Problem to work on
Your reply should repeat all records verbatim and contain no images.

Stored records
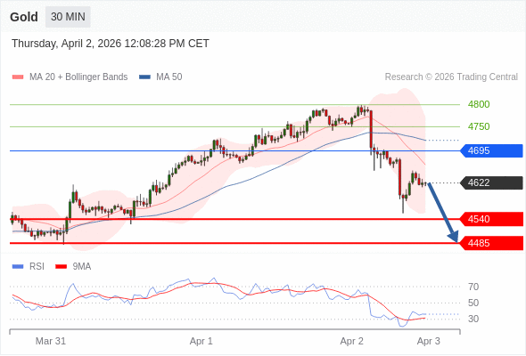 在 4695 之下,看跌,目标价位为 4540 ,然后为 4485 。
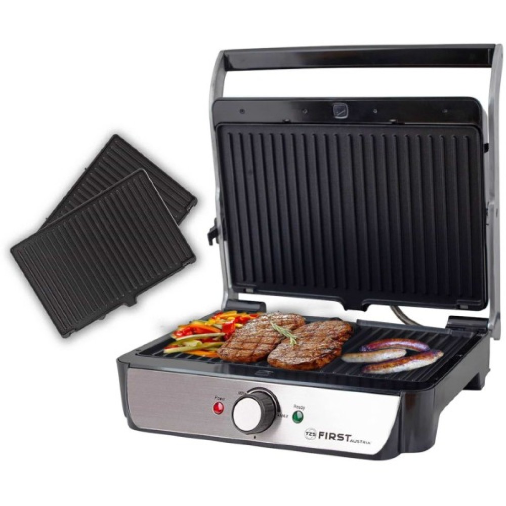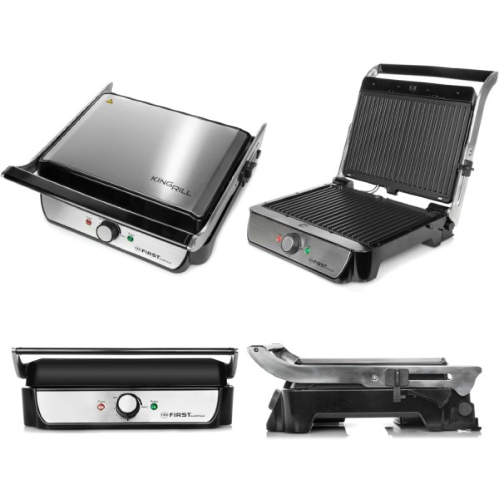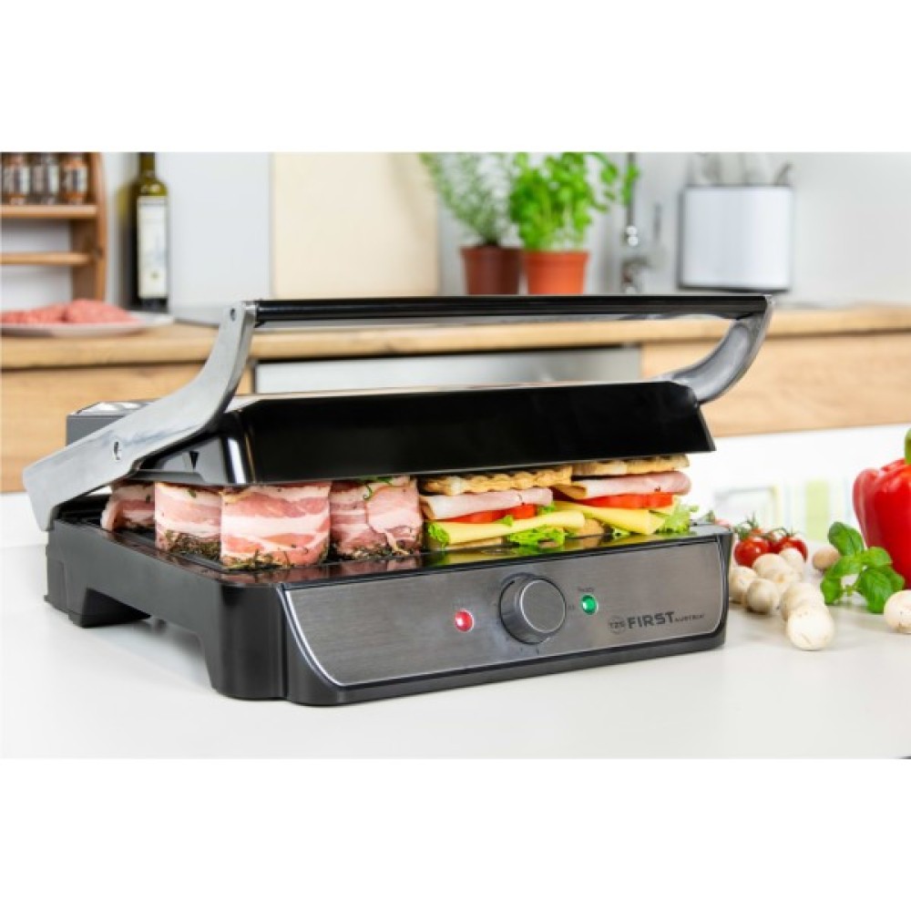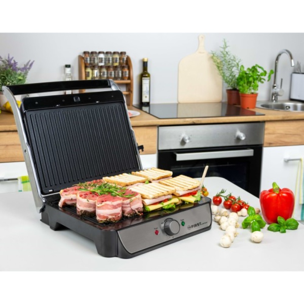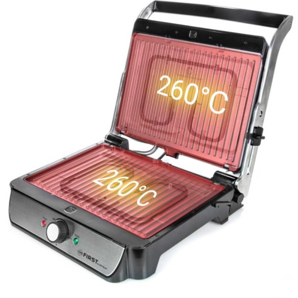 З потужними контактними грилями від First FA-5344-2 ви можете без жодних турбот готувати у приміщенні, на балконі чи в саду. Будь то м’ясні, рибні чи овочеві шашлики, грилі миттєво готують смачні страви на барбекю, сендвічі та багато іншого. Міцні пластини гриля можна відкривати на 180° і таким чином пропонують достатньо місця для всього, що вам подобається.
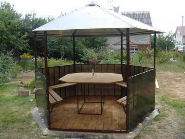Самый простой вариант беседки открытого типа – столбы-опоры. В зависимости от геометрической формы беседки определяется количество опорных столбов. Простая классическая форма представляет собой квадрат (либо прямоугольник). Следовательно, минимальное количество опор определяется количеством углов – в данном случае 8.
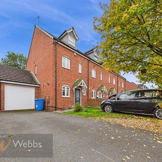 Webbs Estate Agents are delighted to offer to let, this well presented three-storey modern end terrace house, situated on a very popular development. Conveniently situated for local amenities and commuting to major road networks, this stunning home briefly comprises of; Entrance hallway, lounge diner, kitchen, conservatory & guest WC. On the first floor, there are two generous bedrooms and a bathroom. On the top floor, there is a large primary bedroom with an en-suite shower room. Externally, the property has a garden, driveway , and garage ...
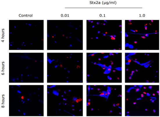 To determine the effect of Stx2 on neutrophil activation and NET formation, we isolated neutrophils from healthy controls, incubated the cells with Stx2a and measured neutrophil activation marker CD11b. Image analyses showed that Stx2a directly upregulated the expression of CD11b on the cell surface of neutrophils in a concentration-dependent manner. CD11b was also diffusely stained in the cytosol of neutrophils. Images not only showed more immunofluorescence of CD11b (red), but also show a denser nucleus with DNA strings (blue) (Figure 1), which indicates cell activation or death [21]. The release of DNA was studied with the use of a SYTOX green assay. SYTOX green is a cell impermeable nucleic acid stain that binds DNA rapidly and with high affinity [22]. Neutrophils from healthy donors were incubated with different concentrations of Stx2a and the release of DNA was measured over a time period of 8 h. As shown in Figure 2, neutrophils released DNA after incubation with Stx2a in a time-dependent manner. A large amount of DNA release was observed when neutrophils were incubated with 0.1 µg/mL and 1.0 µg/mL of Stx2a, while this release was not significant compared to that of controls with 0.01 µg/mL Stx2a. These results show that Stx2a upregulates CD11b and induces NET formation in healthy human neutrophils, in a concentration-dependent manner.
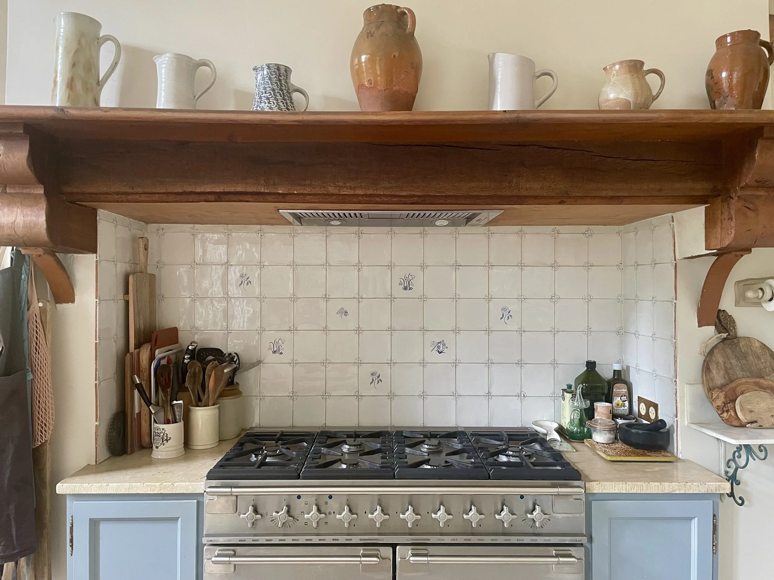 Kitchen with a stove and blue cabinets, white tiled backsplash with small blue flower patterns, wooden shelf above with ceramic pitchers, cutting boards, kitchen utensils, and bottles on the counter.
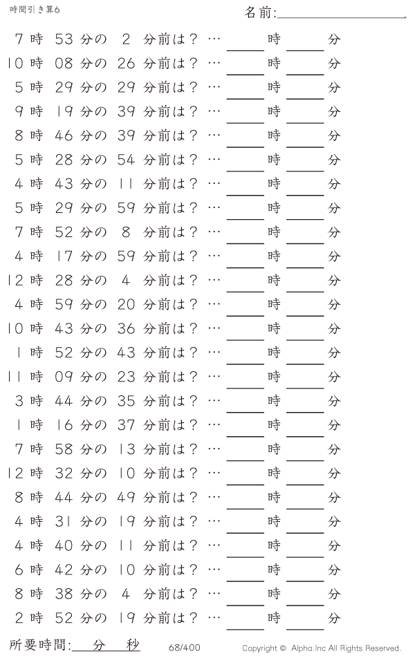 上記のボタンから「時間引き算6:1分単位」の算数数学ドリル・計算ドリル(PDFプリント)がダウンロードできます。個人利用は無料です(家庭以外での配布は有料です)。

Solution below
 在 4695 之下,看跌,目标价位为 4540 ,然后为 4485 。
 З потужними контактними грилями від First FA-5344-2 ви можете без жодних турбот готувати у приміщенні, на балконі чи в саду. Будь то м’ясні, рибні чи овочеві шашлики, грилі миттєво готують смачні страви на барбекю, сендвічі та багато іншого. Міцні пластини гриля можна відкривати на 180° і таким чином пропонують достатньо місця для всього, що вам подобається.
Самый простой вариант беседки открытого типа – столбы-опоры. В зависимости от геометрической формы беседки определяется количество опорных столбов. Простая классическая форма представляет собой квадрат (либо прямоугольник). Следовательно, минимальное количество опор определяется количеством углов – в данном случае 8.
 Webbs Estate Agents are delighted to offer to let, this well presented three-storey modern end terrace house, situated on a very popular development. Conveniently situated for local amenities and commuting to major road networks, this stunning home briefly comprises of; Entrance hallway, lounge diner, kitchen, conservatory & guest WC. On the first floor, there are two generous bedrooms and a bathroom. On the top floor, there is a large primary bedroom with an en-suite shower room. Externally, the property has a garden, driveway , and garage ...
 To determine the effect of Stx2 on neutrophil activation and NET formation, we isolated neutrophils from healthy controls, incubated the cells with Stx2a and measured neutrophil activation marker CD11b. Image analyses showed that Stx2a directly upregulated the expression of CD11b on the cell surface of neutrophils in a concentration-dependent manner. CD11b was also diffusely stained in the cytosol of neutrophils. Images not only showed more immunofluorescence of CD11b (red), but also show a denser nucleus with DNA strings (blue) (Figure 1), which indicates cell activation or death [21]. The release of DNA was studied with the use of a SYTOX green assay. SYTOX green is a cell impermeable nucleic acid stain that binds DNA rapidly and with high affinity [22]. Neutrophils from healthy donors were incubated with different concentrations of Stx2a and the release of DNA was measured over a time period of 8 h. As shown in Figure 2, neutrophils released DNA after incubation with Stx2a in a time-dependent manner. A large amount of DNA release was observed when neutrophils were incubated with 0.1 µg/mL and 1.0 µg/mL of Stx2a, while this release was not significant compared to that of controls with 0.01 µg/mL Stx2a. These results show that Stx2a upregulates CD11b and induces NET formation in healthy human neutrophils, in a concentration-dependent manner.
 Kitchen with a stove and blue cabinets, white tiled backsplash with small blue flower patterns, wooden shelf above with ceramic pitchers, cutting boards, kitchen utensils, and bottles on the counter.
 上記のボタンから「時間引き算6:1分単位」の算数数学ドリル・計算ドリル(PDFプリント)がダウンロードできます。個人利用は無料です(家庭以外での配布は有料です)。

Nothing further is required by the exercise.